As the film is based on an actual case, with the voice-over of Parker’s diary entries being taken from her actual diary, the confirmation of contemporary discourse found in the film’s depiction of sexuality could easily be pushed aside by saying that ‘oh, but this actually happened, so it doesn’t matter how Jackson’s chosen to depict it, he’s just showing it how it was’.  I’d disagree. In making a film in the first place, be it fictional or non-fictional, the director has an opportunity to depict a story in any way they please. The ‘truth’, in the end, doesn’t matter all that much. So Jackson’s choice to confirm this pervasive and damaging discourse admittedly doesn’t encourage watching it.

However, the fact remains that sometimes, watching a pair of murderous teenagers can make for an entertaining few hours. Especially when one is a young Kate Winslet and the acting tends towards the histrionic.
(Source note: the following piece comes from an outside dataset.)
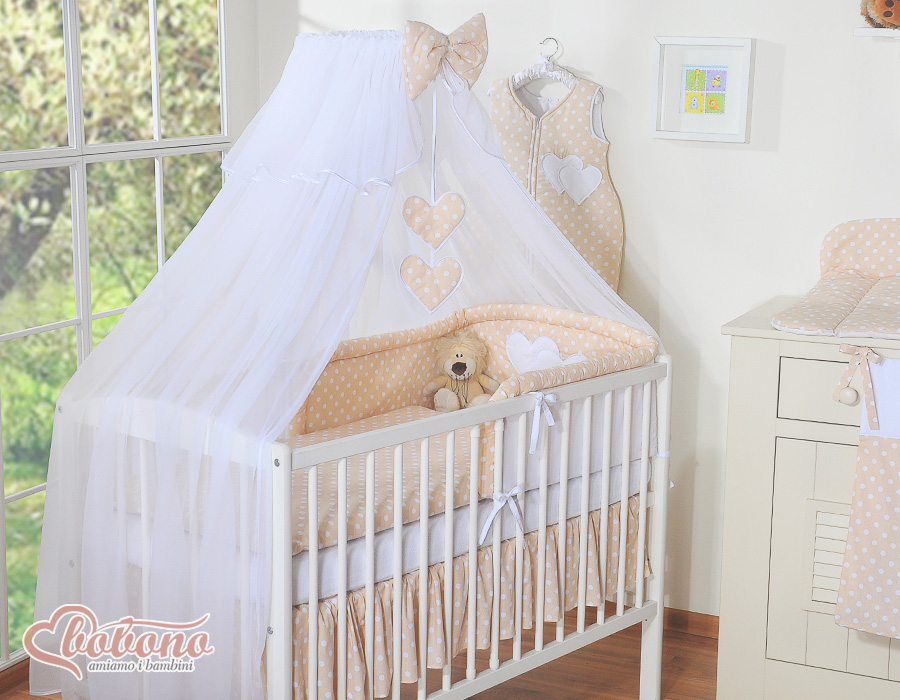 11-osainen vuodevaatesetti vauvalle + hyttysverkko - Hanging Hearts Beige Valkoisilla Pilkuilla

As a depiction of a particularly extreme case of the consequences teenage angst, it’s also very effective.  Discounting the criticism above, the film is still enjoyable in a cathartic way and so still comes as recommended.

Recommendations

The Lovely Bones (2009): Another exploration of teenage life from Jackson, once again based on pre-existing source material in the form of Alice Sebold’s novel about a murdered 14 year old. Less effective in my opinion than Heavenly Creatures, but more visually spectacular.

Running With Scissors (2006): Again centring around a description of a turbulent adolescence and based on the memoirs of Augusten Burroughs, this is directed this time by Ryan Murphy (yes, the same one that created Glee). Far camper and lighter than Heavenly Creatures.